A familiar trope in drug policy debates is the idea that policy-makers should pay closer attention to research and that there is a choice to be made between, on one side, ‘science’ and ‘evidence’, and on the other, ‘dogma’ and ‘politics’. And we are usually left in little doubt about which side the angels lie on!

Drug policy researchers and campaigners often appear to believe that if only they can make the evidence a bit more compelling or authoritative then they’ll eventually win the policy argument. But I’ve observed over many years that that just isn’t the case. There are many ‘controversial’ drug policy questions where the evidence is reasonably settled and clear – e.g. heroin prescription, needle exchanges – but which remain hotly contested. In fact, I would say it’s actually quite rarely the problem that the evidence base is lacking. So why is evidence not enough? One answer is that policy-makers simply find the lure of ‘playing politics’ too powerful to resist. Perhaps that’s partly true. But I’ve come to think that it’s actually misguided to believe that drug policy questions are always capable of being resolved by appeal to ‘science’. There are (at least) two reasons why this is the case.
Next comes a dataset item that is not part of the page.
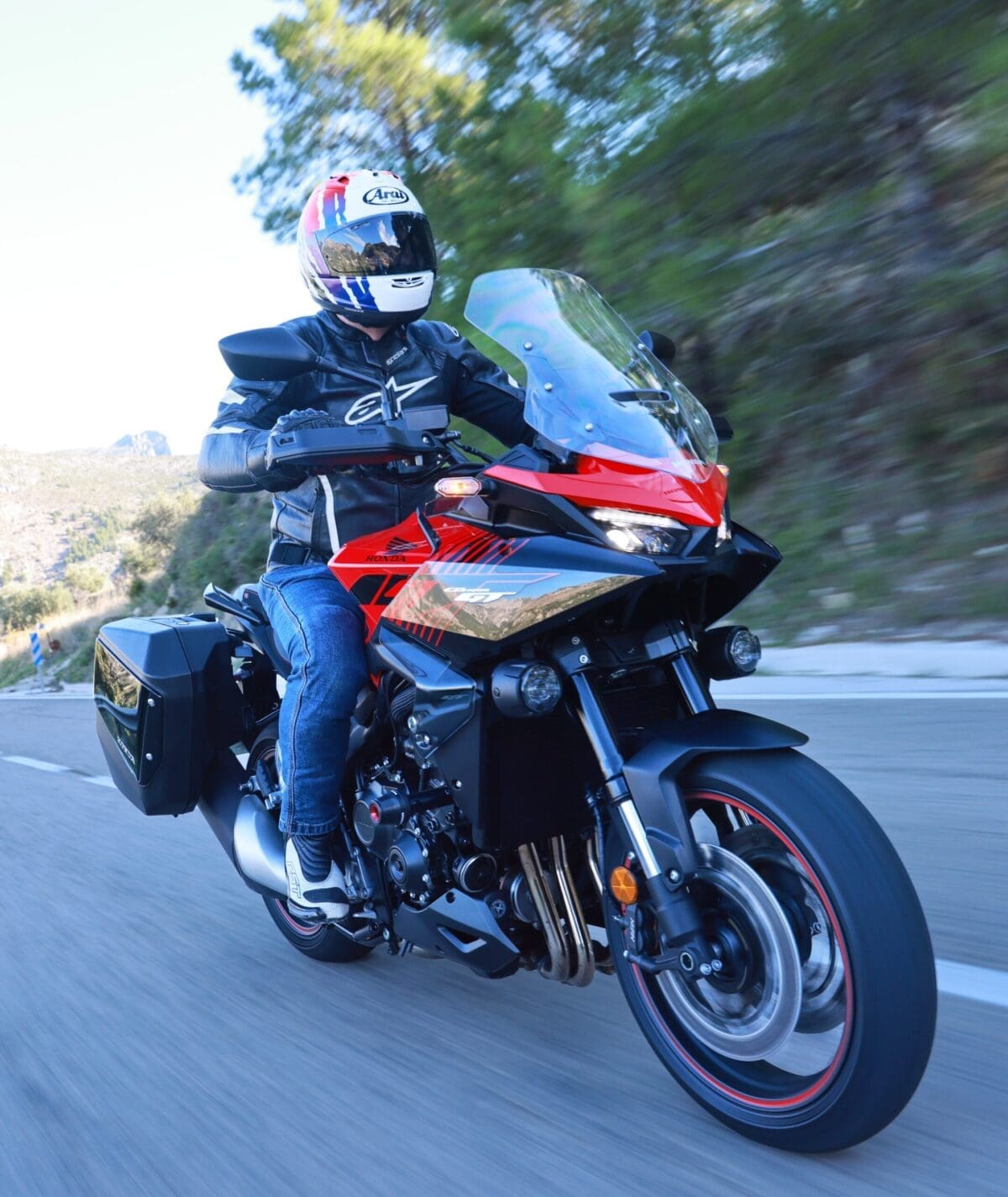 Its crossover 1000cc in-line four powerplant, which itself is derived from the 2017 Fireblade, sees no changes to the internals, though a few refinements have been made within the ECU to allow for a more user-friendly feed of power for the touring option. Acceleration from the lower rev-range is now smoother over the Hornet’s engine and this feel is also noticeable when accelerating hard through the gears. On paper, this slight rework in the electronics has only made a minor difference in power figures, dropping just 7 horses from the Hornet’s total to still provide a healthy 148bhp, with torque also marginally down, but still sitting at 102Nm @ 8,750rpm. The work carried out here proved to make riding through towns that much easier without sacrificing the rev-happy nature of the engine and this should also make riding with a pillion that much smoother too. As you’d expect, another change to the bike’s formula is a beefier rear subframe to enable potential added weight of a pillion and panniers brimmed with pants. Another key addition is electronically adjustable suspension, which caught me by surprise having not expected it on bike hitting the market at just £11,999.
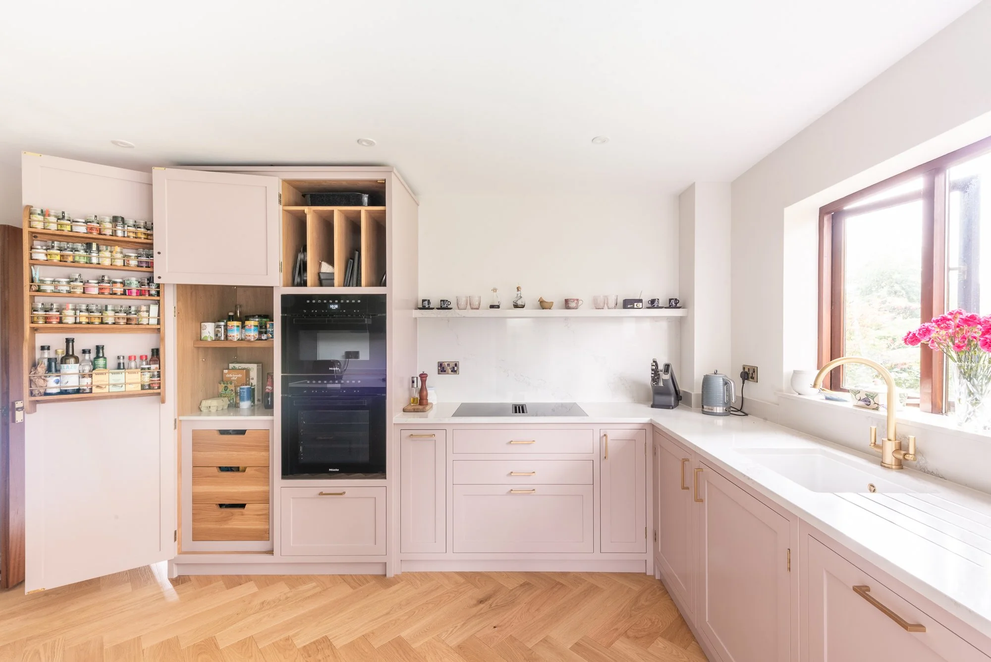 Then one day, walking down Palace Street, Pam passed the Herringbone studio and spotted a pink kitchen in the window. “I knew I wanted one. It just clicked. I’d heard of Herringbone years ago and liked the ethos. I wanted something family-run, local with thoughtful design. Seeing that kitchen made me think why wait? Go for the things we love.”

The first involves thinking about what ‘playing politics’ really means in this context. Usually, we say this when we believe policy has departed from rationality because populist politicians are ‘playing to the gallery’. But this, it seems to me, is a caricature. Politics, at least in part, is about attempting to engage with the social and cultural anxieties and preoccupations of the time. It can be messy, even ugly sometimes, but it requires excessively narrow vision to see it solely as vote-grubbing behaviour by politicians. And this helps to explain why often we can’t rely on science to adjudicate for us between contested policy options. Drug policy isn’t a purely technical exercise – there are other matters in play and it’s a mistake to treat them as somehow inferior or illegitimate concerns.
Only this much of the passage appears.